The message shown to the operator in the approval banner in the dashboard.

Review preprocessing output before training begins.
Check preprocessing_report.txt in the workspace files panel.

Leave blank to skip — no gate is injected for that job.

Gate Timeout (seconds)

Maximum time to wait for a human response before the gate automatically fails. Default: 172800 (48 hours).

172800   →  48 hours  (default — gives operator time to respond)
3600     →  1 hour
300      →  5 minutes (tight deadline, useful for testing)

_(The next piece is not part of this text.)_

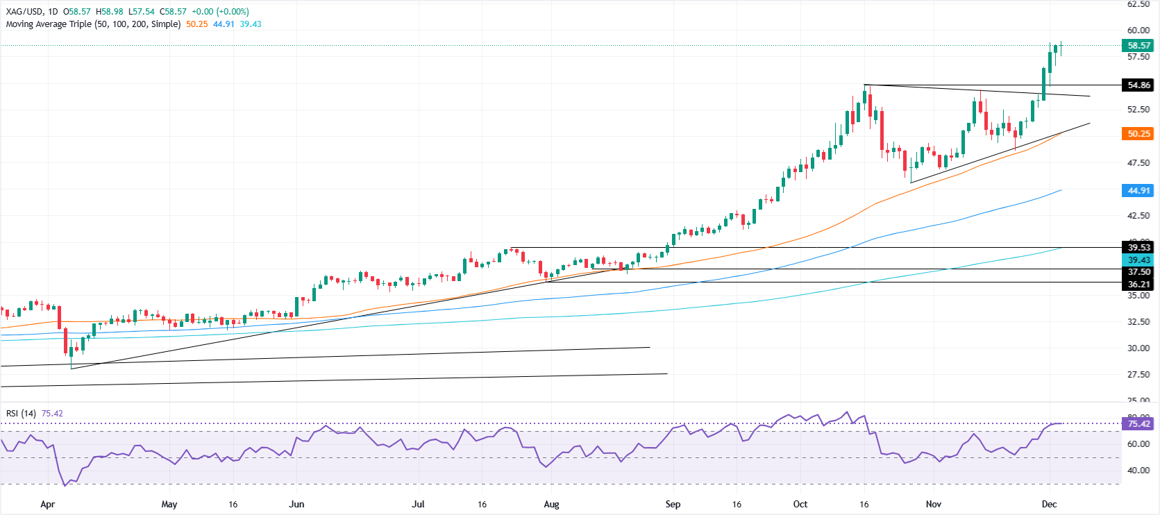 周三北美时段尾盘,银价回落,尽管美元走弱,但数据显示投资者意图美联储将在下周降息。截至发稿时,白银(XAG/USD)交易价格为58.49美元,跌幅为0.14% 标题:白银价格分析:上行趋势保持,RSI背离信号显示修正风险

If the timeout expires without a decision, the gate job fails and downstream jobs do not run.


What gets injected

Given this canvas:

preprocess  →  train  →  evaluate

With a gate configured on preprocess, the deployed DAG becomes:

preprocess  →  hitl-gate-preprocess  →  train  →  evaluate

The gate job runs hitl_gate.py with the gate ID, timeout, and message as arguments. It is a standard Titan job — visible in the visualizer with its own log stream.


HITL node badge

Nodes with a gate configured show a yellow HITL badge in the constructor canvas. This is a reminder that approval will be required at runtime — no action needed in the constructor itself.


Approving and rejecting

See HITL Approval in the Visualizer for the runtime workflow.


Example — ML pipeline with pre-train review

preprocess (HITL: "Review data quality report before training")
hitl-gate-preprocess  [auto-injected]
train (GPU)
evaluate

The operator opens the workspace files panel in the visualizer, downloads preprocessing_report.txt, reviews the data quality stats, then approves or rejects the gate.

jobs:
  - id: "preprocess"
    type: "run"
    file: "preprocess.py"
    hitl_message: "Review data quality report before training begins."
    max_wait_seconds: 300

  - id: "train"
    type: "run"
    file: "train.py"
    requirement: "GPU"
    depends_on: ["preprocess"]
preprocess = TitanJob(
    job_id="preprocess",
    filename="preprocess.py",
    hitl_message="Review data quality report before training begins.",
    max_wait_seconds=300,
)

train = TitanJob(
    job_id="train",
    filename="train.py",
    requirement="GPU",
    parents=["preprocess"],
)

Info

The depends_on / parents for train points to preprocess, not to the gate. The gate wiring is handled server-side at deploy time. Your code stays clean.